1. Assurer le fonctionnement harmonieux des Institutions de l'Etat ;

2. Eviter les conflits ;

3. Instaurer un Etat de droit ;

4. Contrer toute tentative de dérive dictatoriale ;

5. Garantir la bonne gouvernance ;

6. Lutter contre l'impunité ;

7. Assurer l'alternance démocratique.

Ainsi que la relève P-G NGONDANKOY, l'existence des matières intangibles prévues à l'article 220 renforce ainsi le caractère rigide de la Constitution et la rend, sur ces matières, invulnérables aux armes de la révision. Elle traduit des préoccupations majeures du constituant exprimées lors du referendum de 2005, lesquelles constituent l'âme de la Constitution.

S'il faut adhérer à ce point de vue, l'âme de la Constitution doit être protégée. Les sept vaches sacrées ne peuvent être torturées par une révision constitutionnelle importante soit-elle. Certes, elles transparaissent dans les dispositions de l'article 220 ; mais elles constituent en elles mêmes de véritables limites au pouvoir de révision car, elles empêchent la révision de certaines dispositions non immunisées143(*) par l'article 220.

B. Les limites implicites déduites de certains principes et valeurs prévus dans l'exposé des motifs et le préambule.

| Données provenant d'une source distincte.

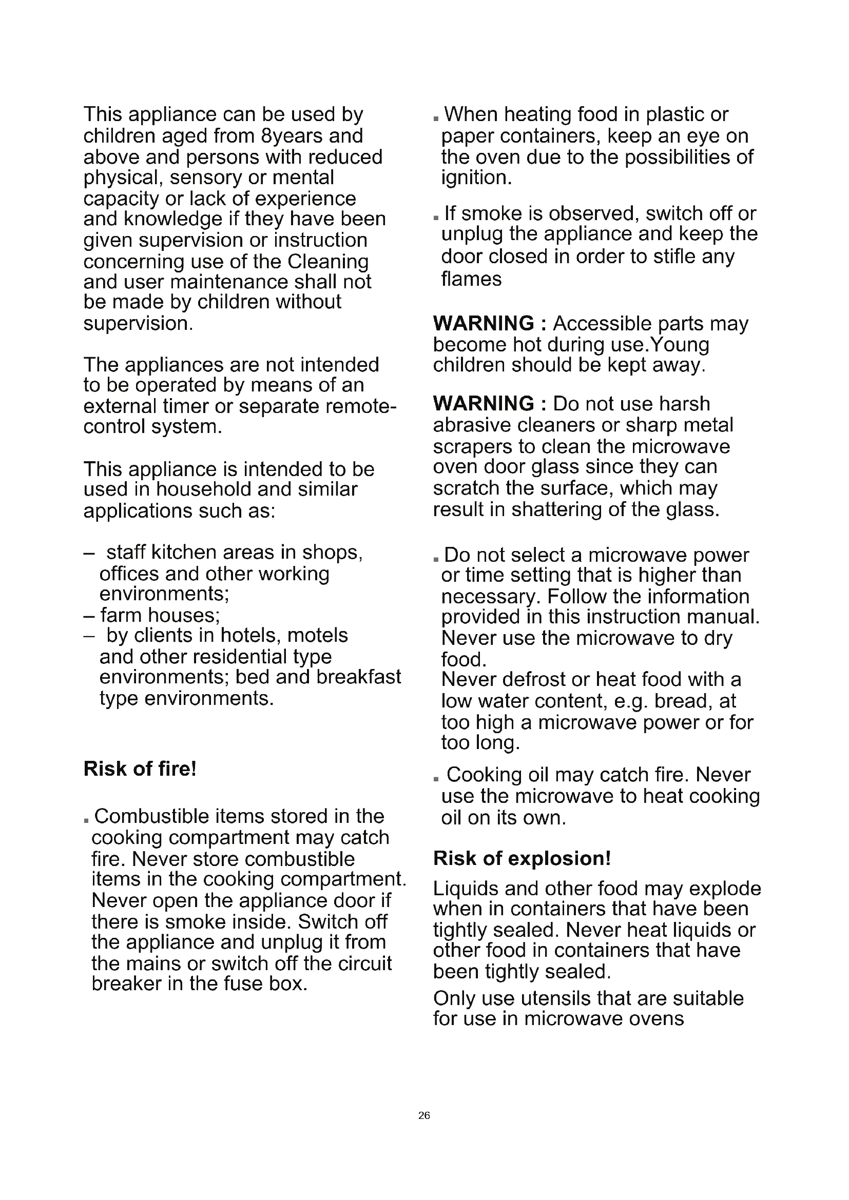 appliance is switched off before replacing the lamp to avoid the possibility of electric shock. Risk of burns! ■ During use the appliance becomes hot. Care should be taken to avoid touching heating elements inside the oven. ■ Accessories and ovenware become very hot. Always use oven gloves to remove accessories or ovenware from the cooking compartment.28 ■ Alcoholic vapours may catch re in the hot cooking compartment. Never prepare food containing large quantities of drinks with a high alcohol content. Only use small quantities of drinks with a high alcohol content. Open the appliance door with care. ■ Foods with peel or skin may burst or explode during, or even after, heating. Never cook eggs in their shells or reheat hard-boiled eggs. Never cook shellsh or crustaceans. Always prick the yoke when baking or poaching eggs. The skin of foods that have a peel or skin, such as apples, tomatoes, potatoes and sausages, may burst. Before heating, prick the peel or skin. ■ The contents of feeding bottles and baby food jars shall be stirred or shaken and the temperature checked before consumption, in oder to avoid burns. ■ Heated food gives off heat. The ovenware may become hot. Always use oven gloves to remove ovenware or accessories from the cooking compartment.

En rappelant le contexte historique, le constituant dénote quelques principes et valeurs qui fondent certaines dispositions de la Constitution, savoir : La légitimité, l'unité nationale, la démocratie, le consensus national, le sens du compromis, la clause de la responsabilité gouvernementale, l'indépendance du pouvoir judiciaire, la solidarité etc.

De notre point de vue, une révision constitutionnelle qui serait compatible avec l'article 220 et violerait ces principes ou valeurs, n'égratignerait pas moins la Constitution dans Sa substance. Par conséquent, Cette dernière perdrait son identité à cause de l'altération d'un ou de ses principes axiologiques144(*).

Section 2. Les limites hétéronomes et autonomes

L'objet de cette seconde section peut paraitre superflu à bien des égards. Seulement, il nous permet de dire un mot sur les limites qui proviennent d'un ordre juridique extérieur (§1). Cela dit, nous n'allons pas insister sur les limites autonomes (§2) suffisamment analysées dans la première section de ce chapitre.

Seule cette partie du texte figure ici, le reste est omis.